I decided to clean on Wednesdays as he was at bowling.  Thursdays became my grocery shopping day.  I would stop off at both Trader Joe's and Stater Bros. on my way home from work.  Then by the time I got home with groceries and Mike would help me unload them and put them away, I was STARVING and too tired to consider cooking.  I had just spent this time and money buying groceries, but Thursdays after grocery shopping became our going out to eat night of the week.

In 2009 I quit my Montessori teaching career with the move to Colorado.  I wanted to focus on my music career and the process of adoption.  It was also when I stopped working full time that Mike and I managed to work out a more even distribution of household tasks and find our rhythm.  I have gotten much better at asking for help when needed, and he now has taken responsibility of household tasks without having to be asked each and every time.  Every night after dinner I do the dishes and start the dishwasher.  Now without having to be specifically asked even when there were dishes piling up in the sink, he unloads the dishwasher each and every night. 

I still took charge of meal planning and grocery shopping.  I was the one in this partnership who now had the time to do the shopping, and I was still the one doing the cooking.  I still despised grocery shopping, but was happy that I now had more available time in which to do it.  No matter how I worked it, I would always be at the grocery store starving for lunch.  People always suggested going once Mike got home from work.  When Mike came home from work, we were always starving for dinner and wanted to spend that time together. My grocery shopping days also include lots of prep work cutting up meat, veggies, and fruit to allow for less work throughout the week with snack and meal preparation.  As a mom I've been frustrated that on Thursdays I always felt like I did the bare minimum with my daughter as I was busy doing these things. 

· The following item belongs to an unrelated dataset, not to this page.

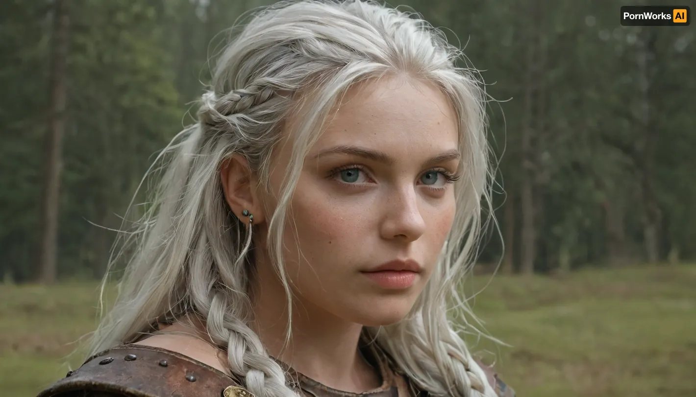 Masterpiece, realistic photography, ultra-realistic, detailed body, detailed face, realistic body, realistic face, angelic face, viking warrior, viking woman hairstyle, 30 years old, viking braid, silver hair, serious look, peaceful face, woman, viking, viking outfit, realistic outfit, war painting, close-up face, cinematic blur, background blur, large format
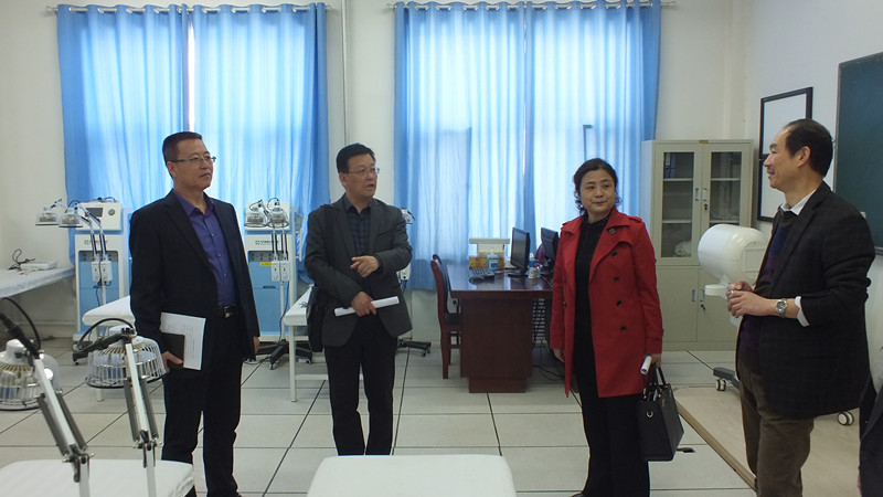 藥學(xué)系主任魏潤明和醫(yī)學(xué)技術(shù)系主任楊如松陪同來賓先后參觀了學(xué)院一期建設(shè)成果以及藥學(xué)專業(yè)實驗室、口腔醫(yī)學(xué)技術(shù)專業(yè)實訓(xùn)室和中醫(yī)康復(fù)治療技術(shù)專業(yè)實訓(xùn)室等。

A few months ago Mike wonderfully offered to take over the Safeway or King Soopers shopping.  He's responsible for buying his pop, which I don't drink and have trouble reaching in the store.  This way I can do a weekly run to Sprouts or Trader Joe's and he takes care of the going to one of the other stores for bread, pop, and other small things.  This is a HUGE help, as going to even one store is difficult with a baby.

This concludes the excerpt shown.